We suspect [feature] is hurting retention. Design a counter-test: for a random 5% of users, hide the feature entirely. Measure D7 / D14 retention vs control. Define the threshold at which we kill the feature for everyone.

14. 留存曲线诊断

Below is our retention curve (D0 to D60).

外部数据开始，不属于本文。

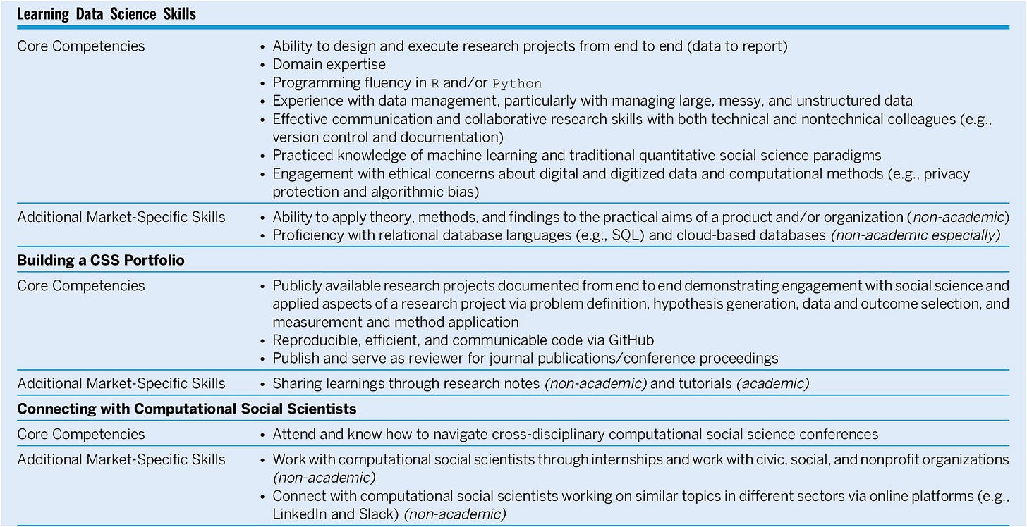 One more resource for computational social science PhD students, especially those from social science backgrounds with data science skills: I co-authored an article on how to prepare for both academic and nonacademic careers. It was written with researchers working in public and private universities, nonprofits, and for-profit firms. It can help you build a five-year plan for your PhD journey.

Diagnose: where the steepest drop happens, what behavior change correlates with the cliff, which segment is most affected. Recommend the next experiment to test the diagnosis.

Curve: [paste]

15. 多实验依赖图

We have 5 retention experiments in flight. Identify: which can run in parallel safely, which contaminate each other, which require sequencing. Output a dependency graph and a recommended schedule for the next 8 weeks.

Experiments: [paste]

上线前怎么把测试估好

样本量由四个输入决定：基线留存率、你在意的最小可检测效应（值得上线的最小提升）、显著性水平（一般 0.05）、功效（一般 0.80）。在写一行代码之前，先把它们丢进 Evan Miller 的样本量计算器。一个实用锚点：在约 40% 基线、80% 功效下检测 5 个点的提升，每组大致需要 1000+ 用户。要求更小的 MDE，样本量和测试时长都会成倍上涨，所以要诚实地问自己：真正会改变路线图的最小提升是多少。

容易踩的坑

一次实验改 3 个以上变量——根本无法归因。
一个点的波动就宣布”胜利”，没有置信区间也没查显著性。
忘记 guardrails——D1 上去了但流失率飙升，整体是亏的。
Cohort 窗口太短——D30 至少要 6+ 周，没有捷径。
新用户和老用户 cohort 混在同一份读出里。
忽视新奇效应——4 周实验可能掩盖第 6 周已经回落。
单次实验就拍板，不做复现。

怎么把结果再推一步

开跑前用”如果 X 则 Y by Z%，因为 W”句式把假设写死。
至少留 30% 永不触动的对照组，用来检测交叉污染。
读出时给置信区间，不只给点估计。
每个实验都配 kill criterion——否则会无限期跑下去。
任何”胜利”先在新 cohort 上复现，再 100% 发布。
提前定最小可检测效应；事后再定就是统计作弊。
持续记录测了什么、学到什么——多数团队到下季度就忘了上季度做过哪些实验。

FAQ

需要多大样本？: 取决于基线和你的最小可检测效应。常用锚点：在约 40% 基线、80% 功效下检测 5 个点提升，每组 1000+ 起。务必用样本量计算器按你的实际数字算一遍。
什么算好留存？: 因品类而异。截至 2026 年 6 月跨 App 中位数约为 D1 26% / D7 13% / D30 7%，但游戏和金融在后段更高，电商更低。对照你的品类和自己的历史，别看全局平均。
D7 还是 D30 更重要？: 过了 PMF 之后，D7 能可靠预测 D30。在 PMF 之前，D1 激活最有用、也最快出结果。
怎么区分新奇效应和真实提升？: 把测试时长延长到原来的约 2 倍。如果到第 6 周提升消退，那就是新奇，不是留存。
读出该用哪个 AI 模型？: 用推理模型——GPT-5.5 Thinking、Claude Opus 4.7 或 Gemini 3.1 Pro——因为读出（模板 9）要的是链式统计判断。起草假设和 backlog 用快模型就行。
样本太小怎么办？: 要么跨时间合并 cohort（产品变化快时有风险），要么预先承诺只做方向性解读，写清注意事项，且不做上线决策。